Categorized | Lead Generation, featured

Will The Party Ever End?

A good friend of mine sent me an article to read about Wall Street that I found very invaluable. http://www.rollingstone.com/politics/story/26793903/the_big_takeover/print .  It is a longer read than most articles, but well worth the time.

When you finish reading this article you will feel both proud and dirty all at once, as I do.  It’s evident that we all play a role in the food chain of the crumbling financial crisis.  And, by “all”, I mean lead buyers, lead generators, lead aggregators, lead exchanges, lead service providers, lead management systems, and the rest of the ecosystem.

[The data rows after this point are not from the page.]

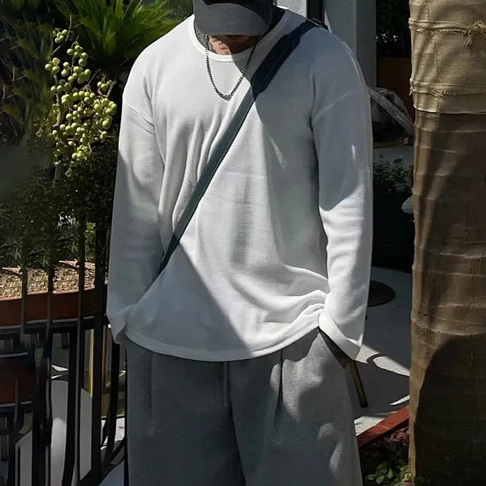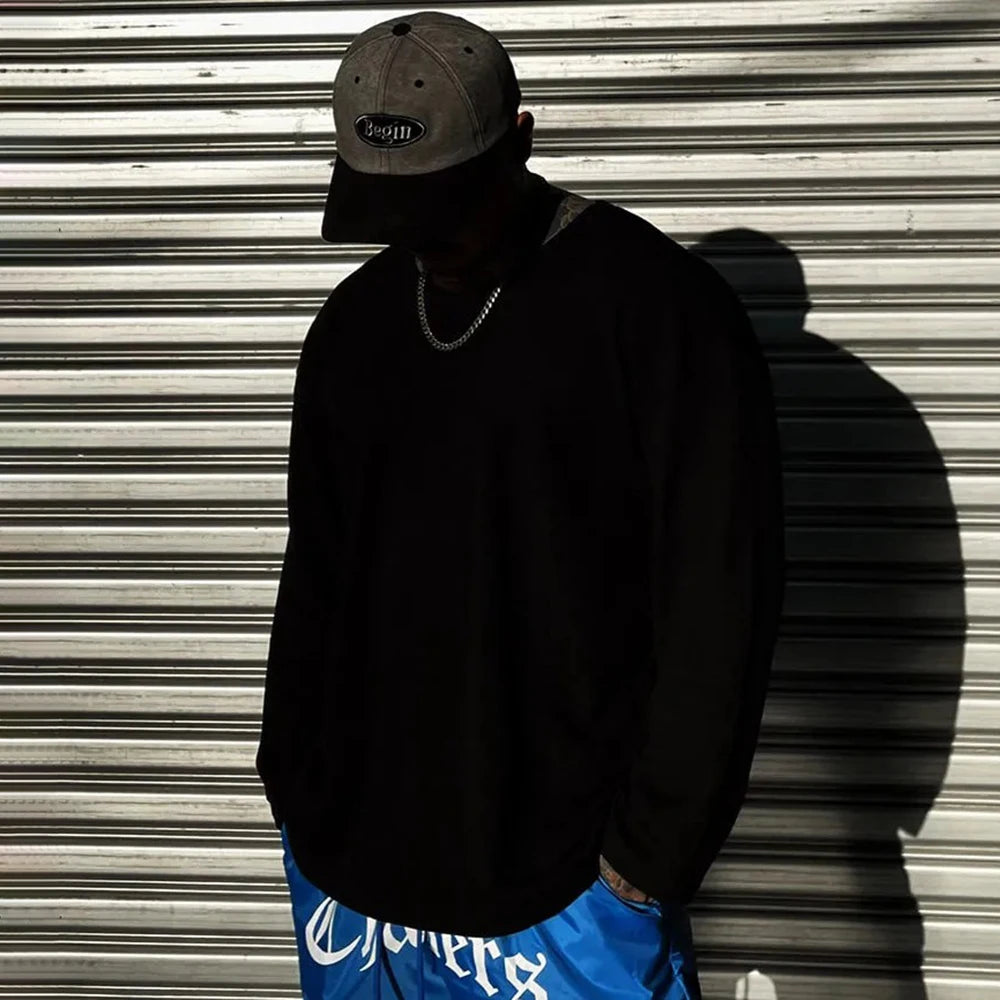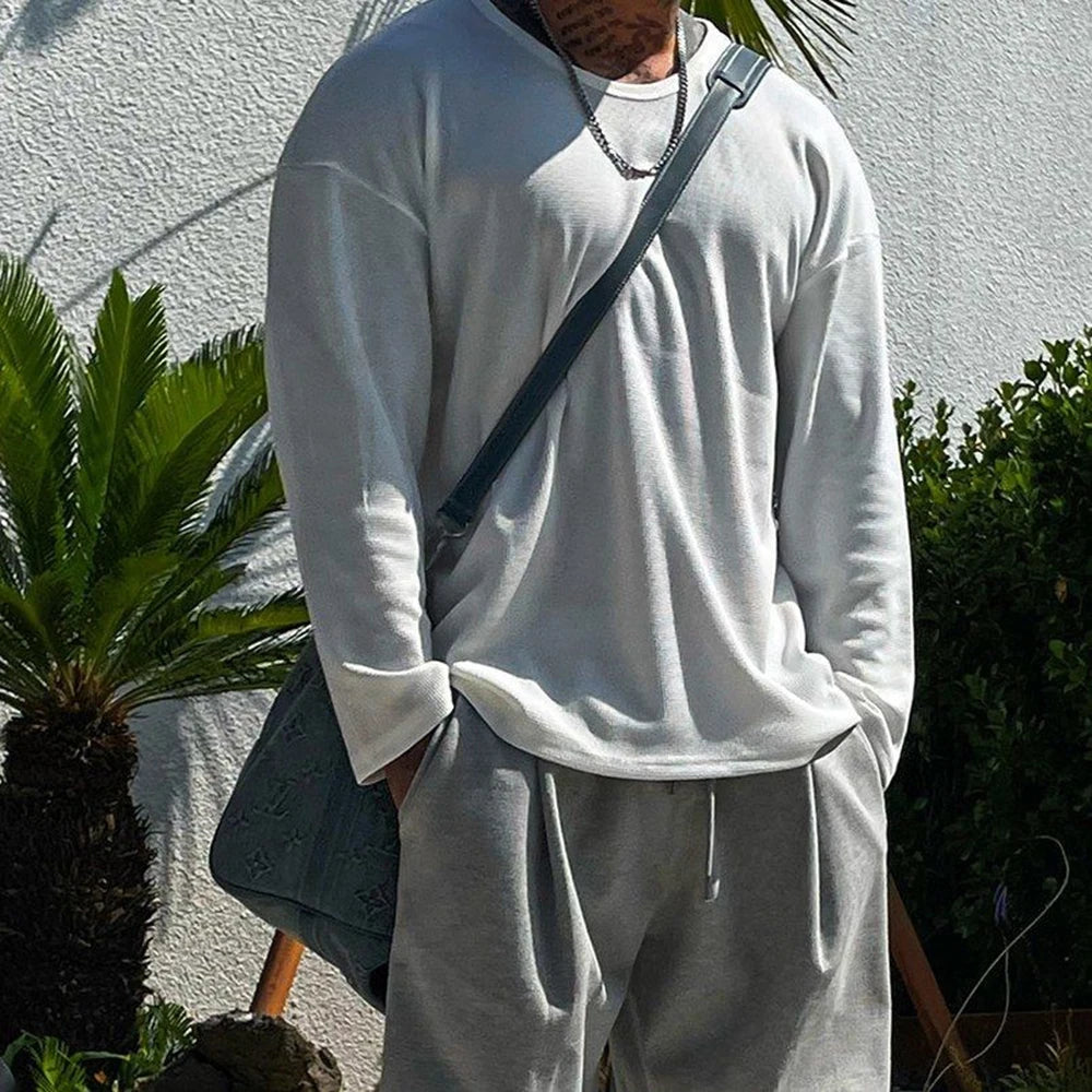 Street Fashion Round Neck Solid Color Loose T-Shirt Straight Mens Autumn Running Fitness Training Sports Leisure Long Sleeve Top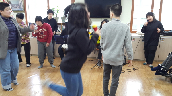 봉사활동(끌림소리)팀과 이용인 모두 어울려 신나는 시간 보냈어요.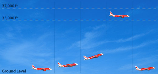 Being thoughtful about what we pack is another obvious choice. A 747 jet burns fuel at a rate of about a gallon per second while cruising at 35,000 feet above sea level carrying more than 500 people and their luggage. Imagine if we had to carry our bags up a 35,000-foot stairway! Flying is lifting weight from one place and then carefully setting it down somewhere else. Every bit of weight savings matters: United Airlines made headlines when they saved 643,000 liters of fuel just by using lighter paper for their inflight magazine.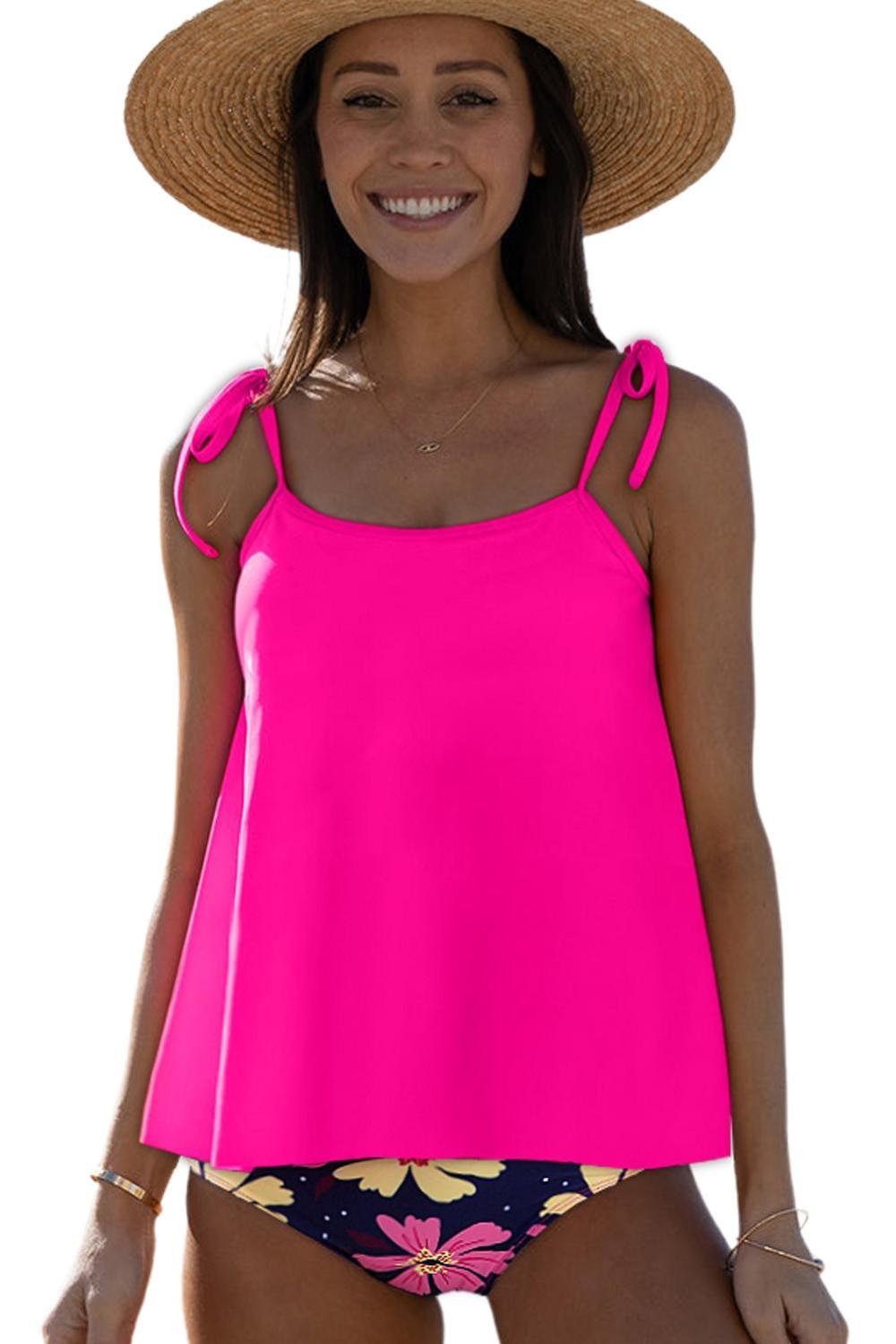 - Vibrant Rose Red Color Complements The Tankini Set, Creating A Stylish And Eye-Catching Ensemble For Poolside Lounging Or Beach Days.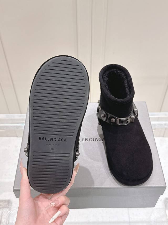 / 巴黎世家 Balenciaga 2025秋冬新款皮带扣铆钉雪地靴,一眼沦陷的率性美学 打破传统雪地靴的沉闷印象,利落廓形丝毫不显臃肿,铆钉与皮带扣点缀出高级街头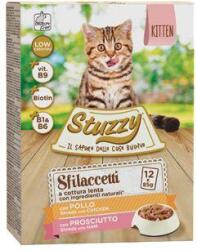 Stuzzy Cat pocket Kitten csirke/szalonna 12x85g, A nedves macskaeledel csirkével vagy sonkával kifejezetten gőzben készül. Az olasz Stuzzy zsebek még a legédesebb macskának is ízleni fognak. A tasak összetétele kifejezetten a kiscicák és fiatal macskák táplálkozási igényeinek kielégítésére alkalmas. A Sfilaccetti felirattal ellátott kapszulák kizárólag lassan főzött ter
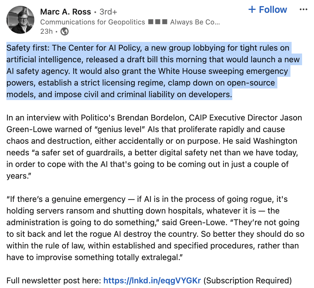 人工智能组织“人工智能政策中心”向国会和政策制定者提出了《2024年负责任的先进人工智能法案》。 人工智能提案引起了加密专家和律师的注意,他们正在权衡其对技术的影响。 周三,人工智能代币RNDR、GR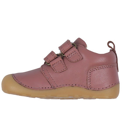 Nybörjarskorna är en barfotamodell, vilket innebär att de har mjuka och flexibla yttersulor utan hälsänkning, vilket främjar en naturlig gång och förbättrar balans och fotledsstabilitet. De mjuka yttersulorna ger barnet god kontakt med marken och under botten finns ett slitbanemönster som säkerställer bra fotfäste.

On one hand, we should be proud that we got ours.   I received my share of the spoils – LeadROI was acquired for being one of the top lead management systems in the mortgage industry.  Matt Taibbi puts it, “ordinary American dumb people…are too intimidated to even try to understand.”  But those of us who participated in the bull riding were successful.  I learned a lot about the industry leading marketing and production analytics at the steel mill of the unregulated financial industry – Countrywide.  These days it is rather surprising to see a resume without an entry that touches the financial industry directly or involves some adjacent product or service.  Sure, we weren’t the CEOs of Lehman Brothers and Bear Stearns, part of Cassano’s 400-man team at AIG, or a member of the Morgan Mafia, but we definitely all got ours.  Whether you sold loans, sold banner ads, sold leads, sold software – there was a piece to take, and we took it!  At least we didn’t just sit around just watching “probable downfall of Western civilization.”  The party isn’t over, and we’re at the after party to the after party, where loan mods, credit repairs, and REOs are being served at the bar.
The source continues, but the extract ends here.